Before the invasion, Incab America was expecting 60% revenue growth for 2022. Now it hopes to match 2021 revenue, Mr. Riddle said.
Companies that manufacture products in the US but rely on Russian products and materials are also facing challenges.
North American Plywood Corp. imports Russian-made birch plywood to its factory in Parsippany, NJ, where workers cut the wood and digitally stain it. It ends up in recreational vehicles, trucks, children’s furniture and concert speakers because of the wood’s strength and relatively light weight, said general manager Donald Kuser. Now, he said, the company can’t get plywood from factories in Russia because shipping companies aren’t entering Russian ports.
Mr. Kuser said he has already had some of his orders delayed into next month because his suppliers say they aren’t sure they can get products to him.
“They are still making plywood,” he said. “How do we get it here? That’s the question.”
His suppliers might eventually charter their own boats or use trucks to ship from European ports, if they are allowed, Mr. Kuser said. He has been getting calls from customers asking for alternative supplies, which he said are also in short supply. In the short run, it won’t be possible to replace the Russian birch, he said.
The Kitchen Cabinet Manufacturers Association estimated that Russia supplies roughly 10% of the hardwood plywood in the US, and that imports from Russia have been growing quickly in recent years.
Ural has finished bikes at its factory as well as two containers full of completed motorcycles at the Port of Hamburg in Germany, waiting to reach customers in Europe and the US German customs officials won’t sign paperwork and shipping companies won’t move the goods because they are from Russia, said Ural Chief Executive Ilya Khait, a Russian national who is based in Washington state.
Mr. Khait said his focus right now is on trying to ensure his company is still in business 12 months from now. Ural said it has extra inventories of spare parts that were built up in response to supply-chain challenges driven by the pandemic, and the company has its money stored in a Russian bank that hasn’t been hit with sanctions.
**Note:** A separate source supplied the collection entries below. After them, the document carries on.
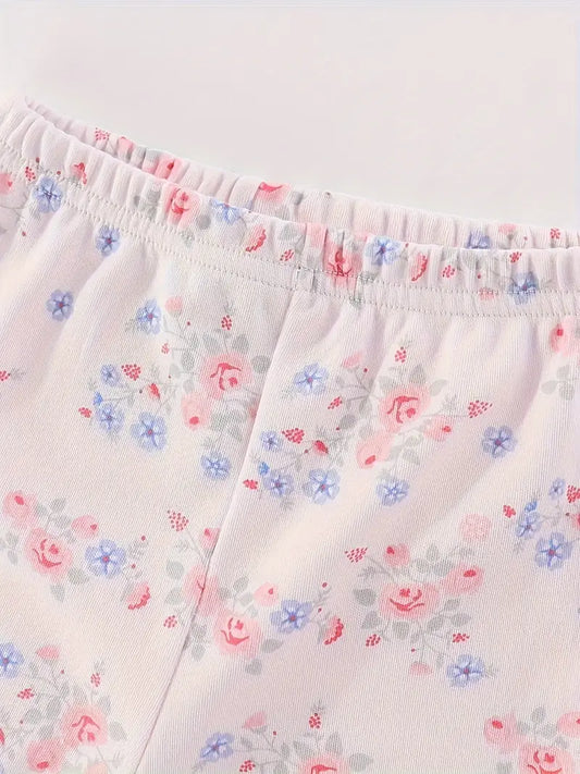 Infant Toddler’s Colorful Flower Embroidered Leggings - Soft Ribbed Cotton Pants for Baby Girls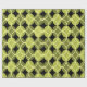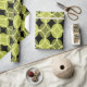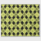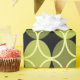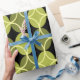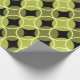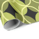 Ce papier d'emballage a un design moderne du milieu du siècle de cercles ouverts sur cercles fermés dans les tons vert et jaune sur un champ de noir. Cela pourrait être bon pour un cadeau de Fête des pères.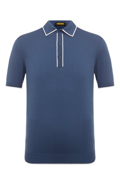 Синее поло выполнили из приятного на ощупь трикотажа, для производства которого использовали хлопок ценных сортов. Его гладкие волокна сделали материал похожим на шелк, поэтому модель получилась исключительно мягкой. Роль декора на себя взял белый кант, которым подчеркнули отложной воротник, манжеты и пояс.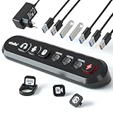- 【Separate LED-Kontrolltasten】Der USB Hub mit Netzteil ist mit 4 individuellen Ein/Aus-LED-Schaltern für eine einfache Kontrolle jedes USB-Ports ausgestattet, was Ihnen die Mühe erspart, Ihre Geräte auszustecken, wenn sie nicht benötigt werden.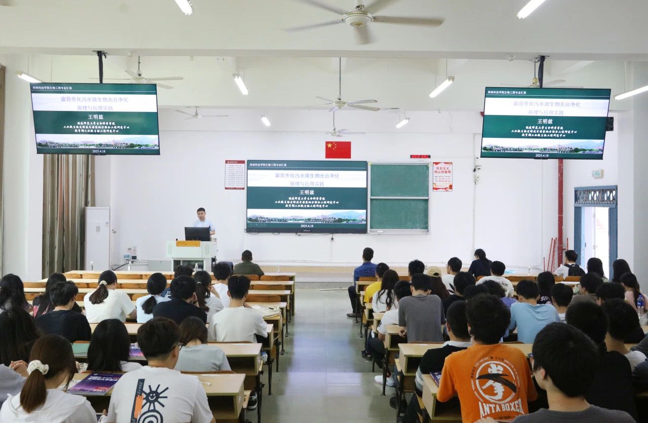 敦聘仪式后,王明兹教授为生命科学与化学学院师生作了题为《富营养化污水微生物光合净化原理与应用》的学术讲座。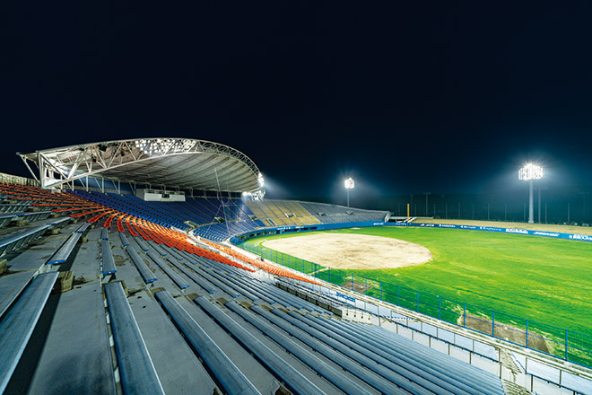 より快適にプレー・観戦が出来る球場にリニューアルされたスタジアムのナイター照明をLED化し、良好な照明環境を創出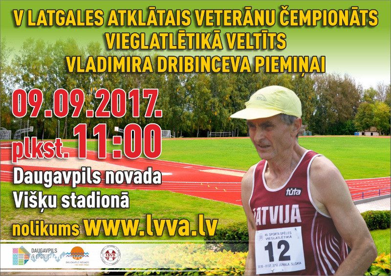 9.septembrī plkst. 11.00 Višķu stadionā notiks V Latgales atklātais veterānu čempionāts vieglatlētikā veltīts Vladimira Dribinceva piemiņai. Nolikums www.lvva.lv

Mr. Khait, who helped change the formerly state-owned company from a mass producer of motorcycles into a bespoke bike maker, said the daily stream of new sanctions and actions from private companies leaving the country made it difficult to plan. The House has passed legislation that would sever normal trade ties with Russia, which could lead to increased tariffs on products made in Russia, while Russia has said it would ban some exports.
Mr. Khait said he worries the company’s entire business model—relying on both imported parts and export markets—is unworkable and said that all options are on the table.
“Basically we need to come up with an idea of how to reinvent ourselves,” Mr. Khait said.